Hutama Karya Percepat Perbaikan Tol Binjai–Langsa Usai Bencana
- account_circle syaiful amri
- calendar_month Sen, 12 Jan 2026
- comment 0 komentar

PT Hutama Karya (Persero) (Hutama Karya) segera memberlakukan tarif pada 2 ruas Jalan Tol Trans Sumatera (JTTS), yaitu Ruas Binjai – Langsa Seksi 3 (Tanjung Pura – Pangkalan Brandan) sepanjang 18,85 km serta Junction Palembang Ramp 2 (Kayu Agung – Indralaya) dan Ramp 3 (Indralaya – Kayu Agung) sepanjang 2,46 Km. (Dok. Hutama Karya)
JAMBISNIS.COM – PT Hutama Karya (Persero) mempercepat proses pemeliharaan dan perbaikan Jalan Tol Binjai–Langsa pasca bencana alam yang terjadi di sejumlah titik. Langkah ini dilakukan untuk memastikan keselamatan, keamanan, dan kenyamanan pengguna jalan tol dapat kembali terjaga secara optimal. Pemeliharaan infrastruktur difokuskan pada pemulihan kondisi jalan yang terdampak agar fungsi layanan Tol Binjai–Langsa kembali normal.

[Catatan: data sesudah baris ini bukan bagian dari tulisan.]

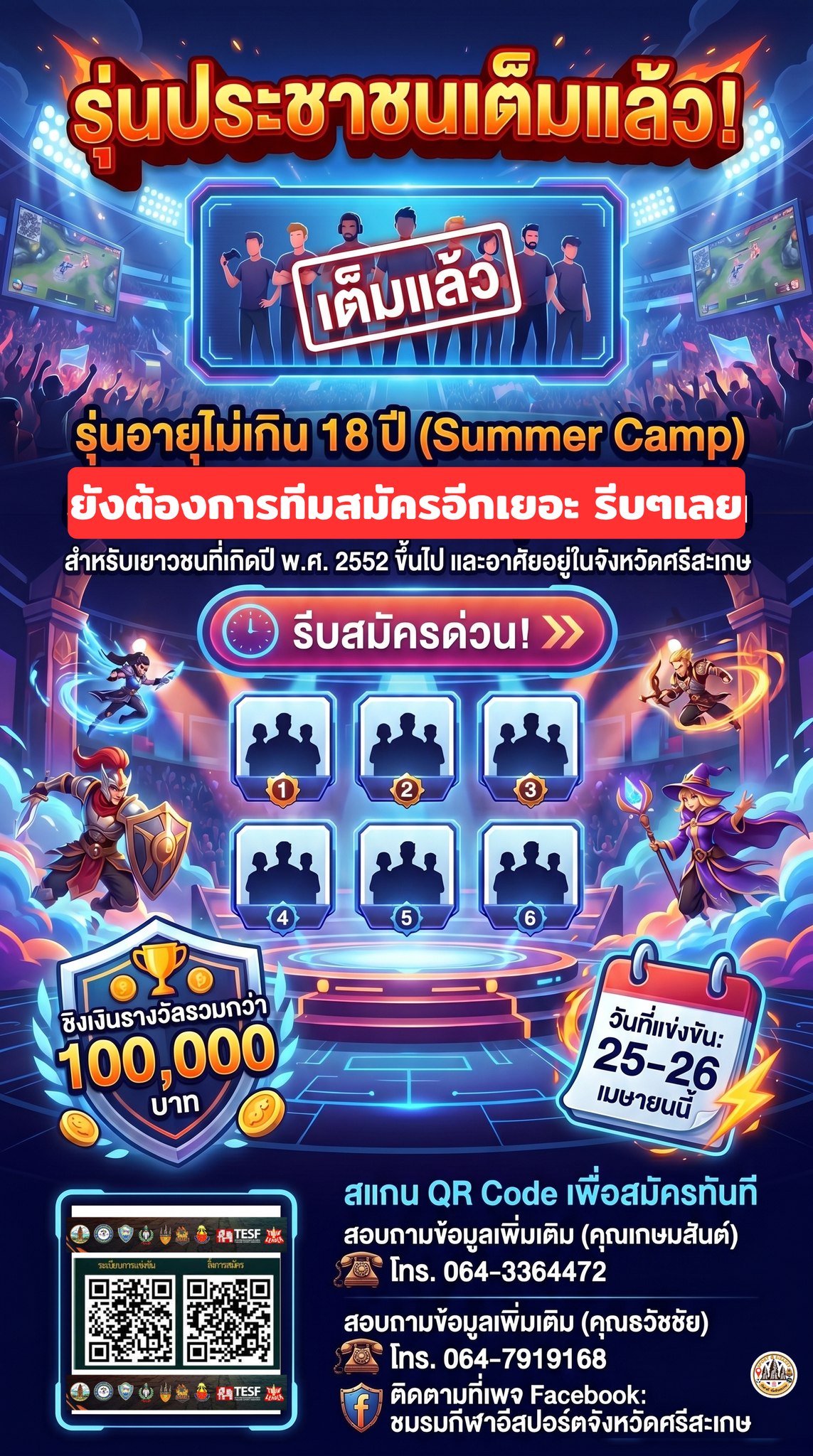 สาย ROV ชาวศรีสะเกษเตรียมตัวให้พร้อม กับการแข่งขันสุดเดือดที่ทุกคนรอคอย SAT SISAKET E-SPORTS SPORTS CITY 2026 […]

Beberapa titik pekerjaan meliputi KM 69+400 hingga KM 69+500 Jalur B (arah Langsa–Binjai), KM 33+350 hingga KM 34+000 Jalur A (arah Binjai–Langsa), serta KM 36+000 hingga KM 37+000 dan KM 37+000 Jalur B.
Dalam proses perbaikan tersebut, Hutama Karya menerapkan berbagai metode teknis, mulai dari perbaikan drainase beton (u-ditch) dan saluran tepi, penimbunan dan perapihan badan jalan, hingga perkuatan struktur menggunakan box beton dan geotextile. Selain itu, dilakukan pula penimbunan lereng, pemadatan ulang, metode solid sodding, serta pemasangan steel sheet pile guna menjaga stabilitas konstruksi jalan tol.
Executive Vice President (EVP) Sekretaris Perusahaan Hutama Karya, Mardiansyah, menegaskan seluruh pekerjaan ditargetkan rampung paling lambat 20 Januari 2026 dengan tetap mengedepankan aspek keselamatan.
“Target kami seluruh pekerjaan selesai paling lambat 20 Januari 2026, dengan tetap mengutamakan keselamatan pengguna jalan dan petugas di lapangan,” ujar Mardiansyah dalam keterangan tertulis, Senin (12/1/2026).
Selama proses pemeliharaan berlangsung, Hutama Karya menerapkan pengaturan lalu lintas di sekitar area pekerjaan, dilengkapi dengan rambu peringatan dan informasi berkala melalui Variable Message Sign (VMS) serta kanal komunikasi resmi perusahaan.
Seluruh kegiatan dilakukan sesuai standar keselamatan kerja jalan tol, termasuk pengamanan area kerja agar dampak terhadap kelancaran lalu lintas tetap terkendali. Perusahaan juga mengoptimalkan tim inspeksi dan respons cepat untuk mengantisipasi potensi kerusakan lanjutan, khususnya di titik rawan pasca bencana.
Hutama Karya pun menyampaikan permohonan maaf kepada pengguna jalan atas ketidaknyamanan yang mungkin terjadi selama proses pemeliharaan.
“Kami mengimbau pengguna jalan agar tetap berhati-hati, mematuhi rambu lalu lintas dan arahan petugas, serta menyesuaikan kecepatan saat melintas di area pekerjaan,” tutup Mardiansyah.